After breakfast, the bearer came for household orders, standing with a kind of alert humility while my mother made her list. With a wave of the hand she conjured up some simple tasks and dismissed him with a brief nod, hardly noticing his departure, cracked brown heels padding below the stiff whites of his servant’s clothes. Then she was free, but for what? Food or meals were no bother to her, since we ate in the hostel dining-room. She retreated to the intimate world of army wives, a sorority held together, as far as I could see, by cigarette smoke and loud laughter and the minute investigation of petty scandals. These gatherings were leisurely affairs, well-coiffured heads thrown back in the long chairs, feet at rest on a pouffe, a cheerful tinkle of ice. From the outside it was hard to see where the fun lay. Children were not welcome – in fact definitely an encumbrance. ‘Off you go now,’ my mother would say impatiently, when we weren’t at school, ‘I can’t have you squabbling and making a rowdy mess in here. You can see I’m busy.’ Could I see that? In the mornings, it seemed to me, she was taken up with events I did not understand. In the afternoons she slept a little.

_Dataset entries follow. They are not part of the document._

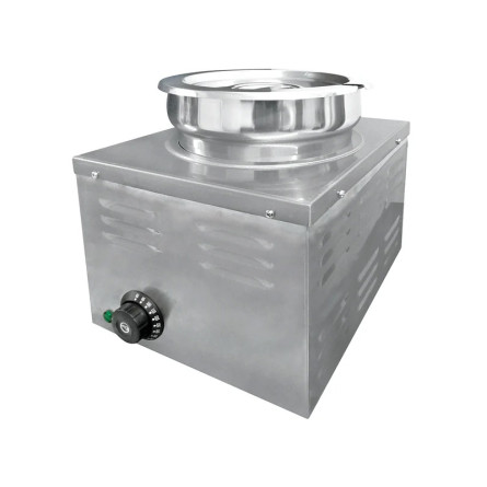 Despachador eléctrico de baño maría para mantener alimentos calientes como quesos, salsas y sopas, con capacidad de 4.5 litros y diseño eficiente en acero inoxidable.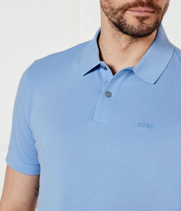 Футболка поло мужская Boss облегающего кроя однотонная, голубой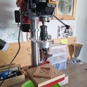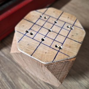 Octobre 2023, les premiers jeux de O’Déboulé ont vu leurs dés percés point par point, trou par trou. Une seule mèche montée sur le mandrin de la perceuse colonne pour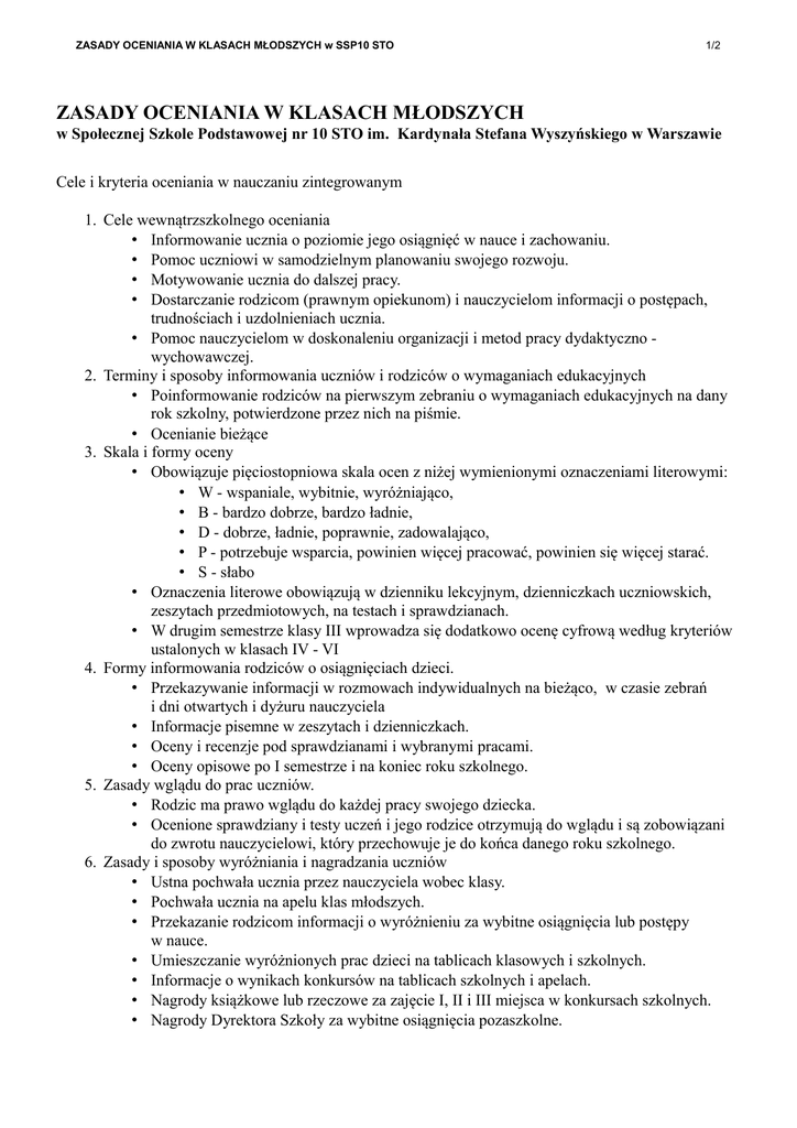 ZASADY OCENIANIA W KLASACH MŁODSZYCH w SSP10 STO 1/2 ZASADY OCENIANIA W KLASACH MŁODSZYCH w Społecznej Szkole Podstawowej nr 10 STO im. Kardynała Stefana Wyszyńskiego w Warszawie Cele i kryteria oceniania w nauczaniu zintegrowanym 1. Cele wewnątrzszkolnego oceniania • Informowanie ucznia o poziomie jego osiągnięć w nauce i zachowaniu. • Pomoc uczniowi w samodzielnym planowaniu swojego rozwoju. • Motywowanie ucznia do dalszej pracy. • Dostarczanie rodzicom (prawnym opiekunom) i nauczycielom informacji o postępach, trudnościach i uzdolnieniach ucznia. • Pomoc nauczycielom w doskonaleniu organizacji i metod pracy dydaktyczno wychowawczej. 2. Terminy i sposoby informowania uczniów i rodziców o wymaganiach edukacyjnych • Poinformowanie rodziców na pierwszym zebraniu o wymaganiach edukacyjnych na dany rok szkolny, potwierdzone przez nich na piśmie. • Ocenianie bieżące 3. Skala i formy oceny • Obowiązuje pięciostopniowa skala ocen z niżej wymienionymi oznaczeniami literowymi: • W - wspaniale, wybitnie, wyróżniająco, • B - bardzo dobrze, bardzo ładnie, • D - dobrze, ładnie, poprawnie, zadowalająco, • P - potrzebuje wsparcia, powinien więcej pracować, powinien się więcej starać. • S - słabo • Oznaczenia literowe obowiązują w dzienniku lekcyjnym, dzienniczkach uczniowskich, zeszytach przedmiotowych, na testach i sprawdzianach. • W drugim semestrze klasy III wprowadza się dodatkowo ocenę cyfrową według kryteriów ustalonych w klasach IV - VI 4. Formy informowania rodziców o osiągnięciach dzieci. • Przekazywanie informacji w rozmowach indywidualnych na bieżąco, w czasie zebrań i dni otwartych i dyżuru nauczyciela • Informacje pisemne w zeszytach i dzienniczkach. • Oceny i recenzje pod sprawdzianami i wybranymi pracami. • Oceny opisowe po I semestrze i na koniec roku szkolnego. 5. Zasady wglądu do prac uczniów. • Rodzic ma prawo wglądu do każdej pracy swojego dziecka. • Ocenione sprawdziany i testy uczeń i jego rodzice otrzymują do wglądu i są zobowiązani do zwrotu nauczycielowi, który przechowuje je do końca danego roku szkolnego. 6. Zasady i sposoby wyróżniania i nagradzania uczniów • Ustna pochwała ucznia przez nauczyciela wobec klasy. • Pochwała ucznia na apelu klas młodszych. • Przekazanie rodzicom informacji o wyróżnieniu za wybitne osiągnięcia lub postępy w nauce. • Umieszczanie wyróżnionych prac dzieci na tablicach klasowych i szkolnych. • Informacje o wynikach konkursów na tablicach szkolnych i apelach. • Nagrody książkowe lub rzeczowe za zajęcie I, II i III miejsca w konkursach szkolnych. • Nagrody Dyrektora Szkoły za wybitne osiągnięcia pozaszkolne. ZASADY OCENIANIA W KLASACH MŁODSZYCH w SSP10 STO 2/2 Ocena semestralna 1. Formy oceny • Ocena semestralna ma formę pisemną. Informuje o osiągnięciach ucznia w nauce i zachowaniu w pierwszym semestrze, zawiera wskazania do pracy w drugim semestrze. • Forma oceny opisowej zależy od nauczyciela. 2. Tryb odwoławczy • Jeżeli rodzice nie zgadzają się z oceną nauczyciela, mogą się odwołać na piśmie do Rady Pedagogicznej za pośrednictwem Dyrektora Szkoły. • Rada Pedagogiczna ma obowiązek ustalenia zasadności wniesienia odwołania i podjęcia decyzji o ewentualnej zmianie oceny. Zasady oceniania zachowania 1. Ocena uwzględnia: kulturę osobistą, stosunek do obowiązków szkolnych, przestrzeganie ustalonych norm i zasad, umiejętność współpracy i współdziałania w grupie, panowanie nad emocjami, pomoc koleżeńską. 2. W zapisie ocen cząstkowych z zachowania, w dzienniku lekcyjnym stosujemy oznaczenia: • W- wyróżniająco, • B - bez zastrzeżeń, • N - niezadawalająco 3. Opinia o zachowaniu ucznia zawarta jest w ocenie opisowej po I semestrze i na koniec roku szkolnego. Sporządza ją wychowawca klasy uwzględniając spostrzeżenia innych nauczycieli i społeczności szkolnej. 4. Po I semestrze i na koniec roku szkolnego dzieci dokonują samooceny na „Karcie samooceny”. 5. Karty samooceny otrzymują rodzice. Opracował zespół nauczania zintegrowanego: Halina Wnuk, Ewa Korczakowska, Beata Kopczyńska, Małgorzata Makowska, Teresa Hałaj, Agata Fijałkowska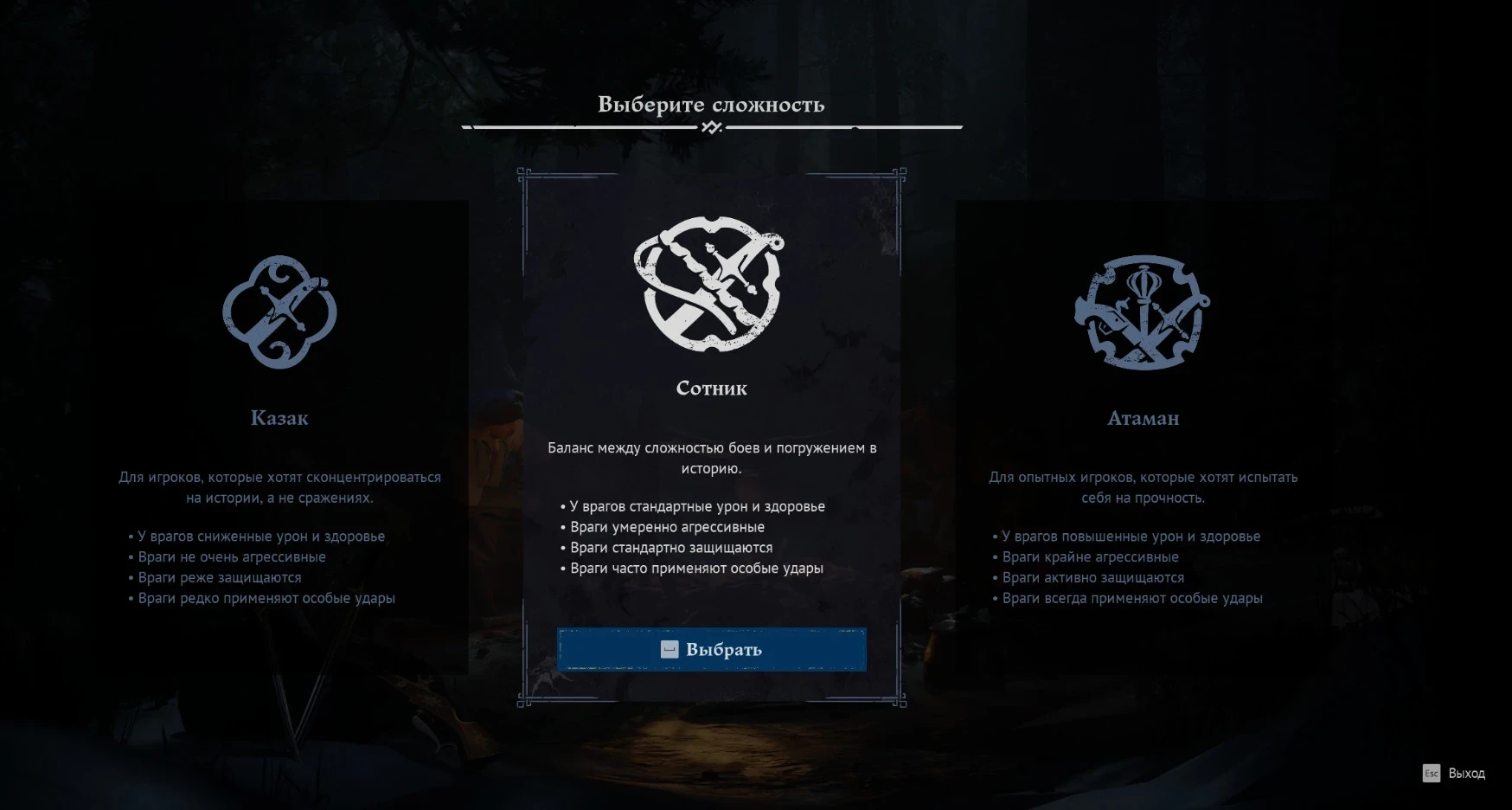 • Атаман — сложность для опытных игроков с крайне агрессивными врагами.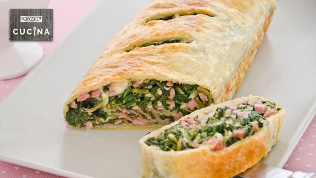 Lo strudel con cicoria e mortadella � un piatto unico gustoso e facile realizzato con pasta sfoglia farcita con cicoria, mortadella e formaggio. Un rotolo versatile e veloce, perfetto per una cena informale, un buffet o un aperitivo. Lo strudel con cicoria e mortadella si pu� arricchire anche con ingredienti diversi, sostituendo magari la mortadella con lo speck e scegliendo i formaggi, semi stagionati, che vi piacciono. Unico consiglio: strizzate benissimo la cicoria dopo averla sbollentata, altrimenti l'acqua che fuoriuscir� in cottura roviner� la consistenza e la fragranza dello strudel.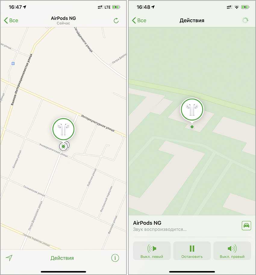На помощь каждый раз приходило приложение «Найти iPhone». Немногие знают, но оно не только отображает последнее местоположение наушников, которое определяется по коннекту с iPhone, но и дает возможность воспроизвести звук на них.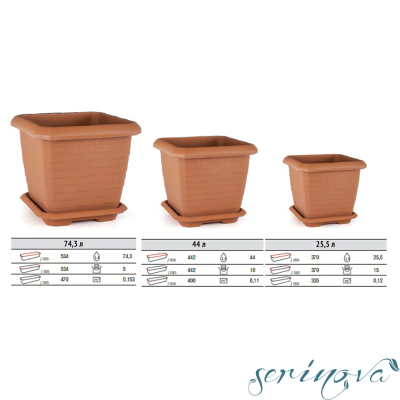 Горщик представлений в декількох об'ємах: 25,5 л; 44 л; 74,3 л.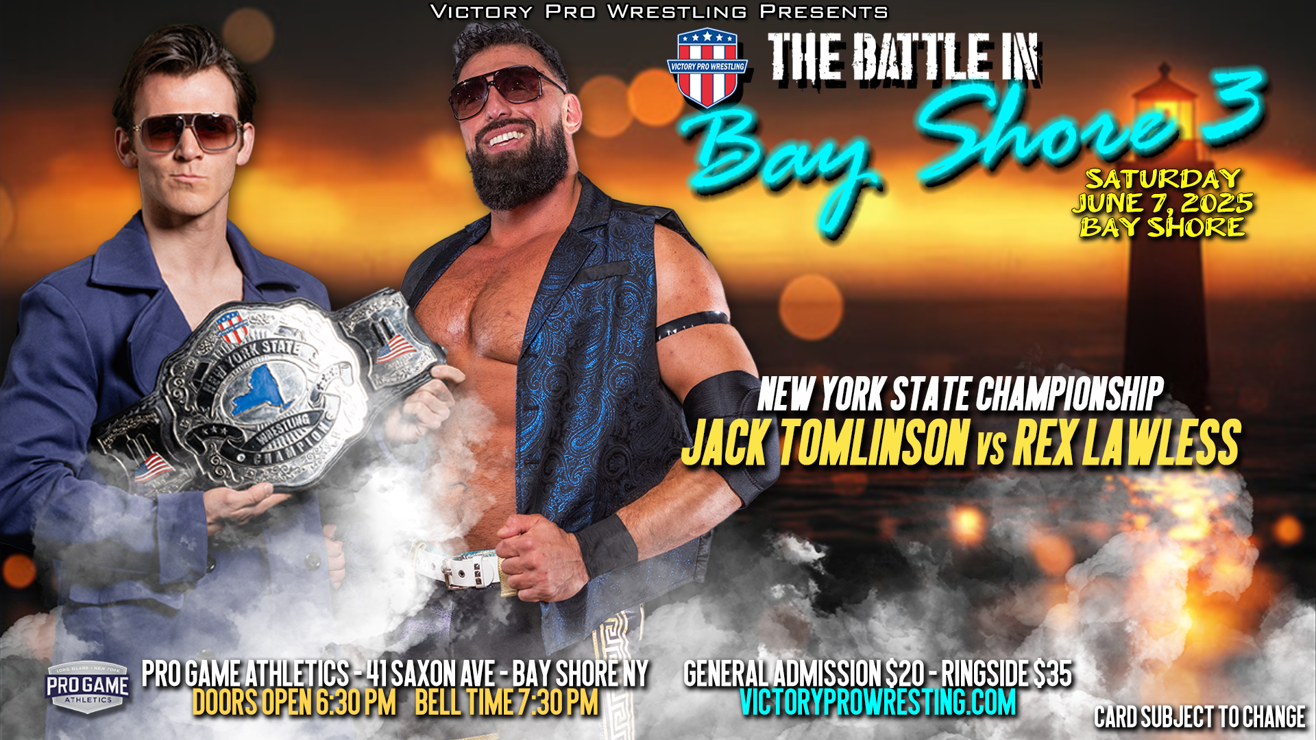 Victory Pro Wrestling’s New York State Championship will be on the line this Saturday when reigning champion Jack Tomlinson faces off against the powerhouse Rex Lawless at Battle in Bay Shore 3.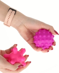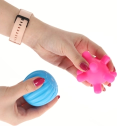Míčky jsou vhodné pro hraní na suchu i ve vodě. Textury se hodí pro jemnou masáž dlaní a chodidel a přinášejí uklidnění.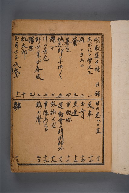該物件為線裝歌本《唱歌集》,由於該書未有出版資料頁,故不知編者及出版者。該歌本收錄莫約165首歌曲,如港、故鄉、祝歌、小菊、雲雀、進軍等歌曲。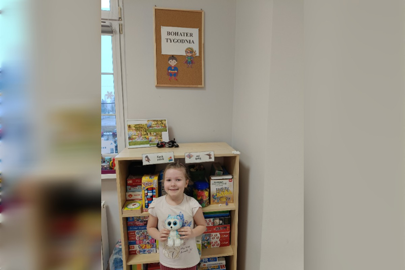 W kąciku bohaterki pojawił się uroczy pluszak, którym Antosia z radością dzieliła się z innymi dziećmi, ucząc się przy tym empatii i współpracy.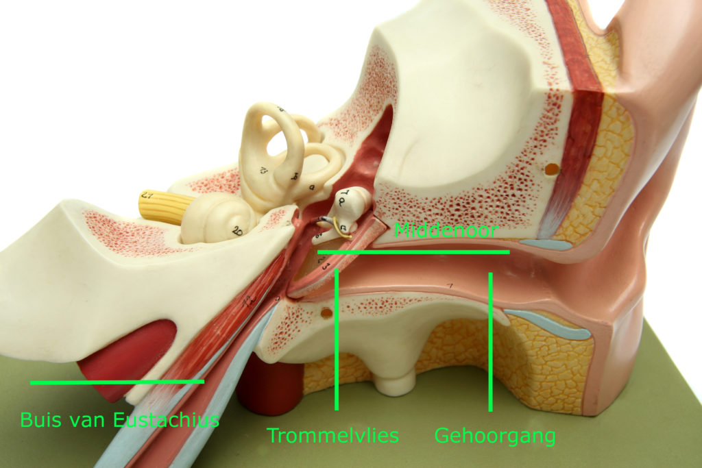 De buis van Eustachius verbindt het oor met de keel. Via deze weg kan afval uit het oor via de keel worden afgevoerd. Bovendien wordt via deze verbinding de luchtdruk in het middenoor gelijk gehouden aan de buitendruk. Door ontsteking en zwelling van het slijmvlies van neus en keel kan deze verbinding verbroken worden. Er verzamelt zich dan vocht achter het trommelvlies. De druk in het middenoor kan niet meer gelijk gehouden worden en verandert telkens. Hierdoor gaat het trommelvlies intrekken. Het gehoor kan dan veranderen en er kan gehoorverlies optreden. Er kan een gevoel ontstaan dat lijkt op wat in een opstijgend vliegtuig kan worden ervaren. Als de schade aan de buis van Eustachius blijvend is, dan kunnen er buisjes geplaatst worden in het trommelvlies. Zo’n buisje is meestal gemaakt van kunststof en is niet groter dan een halve luciferkop.

So we went out, eagerly and with a superabundance of energy given to the young by the blessing of sun and heat. For us, life in India was lived out of doors. Freedom for the body, released from the tightness of four walls and hardly restrained by the weather, allows a certain freedom in the
mind. There was so much strange stuff to note – humans laying out the accumulated wares of their consciousness. My view, I think now, came to be all the wider for my life in the open, more embracing, more pregnant with evidence for a future understanding; for of course the order of history was not clear to me at that time. Nor did I look systematically or dutifully. The vision of the young is not adjusted for sightseeing or the guidebook. But as Delhi was brimful with so many adventures left by megalomania or artistic genius, I could not avoid the brilliant onrush of powerful images.
The hopeless jumble of these stored images: the wild vital human pulses of street-life on Chandni Chowk surging through the Lahore Gate into Lal Qila – the Red Fort – and there transformed into the great running rhythms of Moghul architecture, pure energy transmuted into the purity of noble order; the vast emptiness of the courtyard of the Jama Masjid – the Friday Mosque – lording it over the suffocating sprawl of the Kinari and Chawri bazaars, and the nostril-clenching stench of the Fish Market, offering the peace of prayer for the hagglers and bruisers of commerce; the partial greeds and desires, the race for the winning-post, reconciled on the knees with head touching the earth before the Oneness of Allah; the long urban journey south from Old Delhi, the modern road effacing time, making a blankness of the past out of which arise only the melancholy of tombs, of Lodi kings and Moghul emperors, meandering back to the tall graceful minaret of the Qutb Minar from where the historical cry of the
muezzin
celebrated victory over the Tomari Rajputs and the first enduring triumph of Islam in India, the conqueror Qutb-ud-din raising his memorial buildings on the remains of many Jain and Hindu temples with the help of Hindu craftsmen and the use of Hindu motifs. The present recapitulating the past.
And then after 800 years, with the revenge of time,
Independence Day, through the intervention of the British, gave the city back to the Hindus. The British Raj, too, left its mark, which a child of the Raj, residing in the Edward VII Hostel only a few hundred yards from the King’s Way, could not help but notice.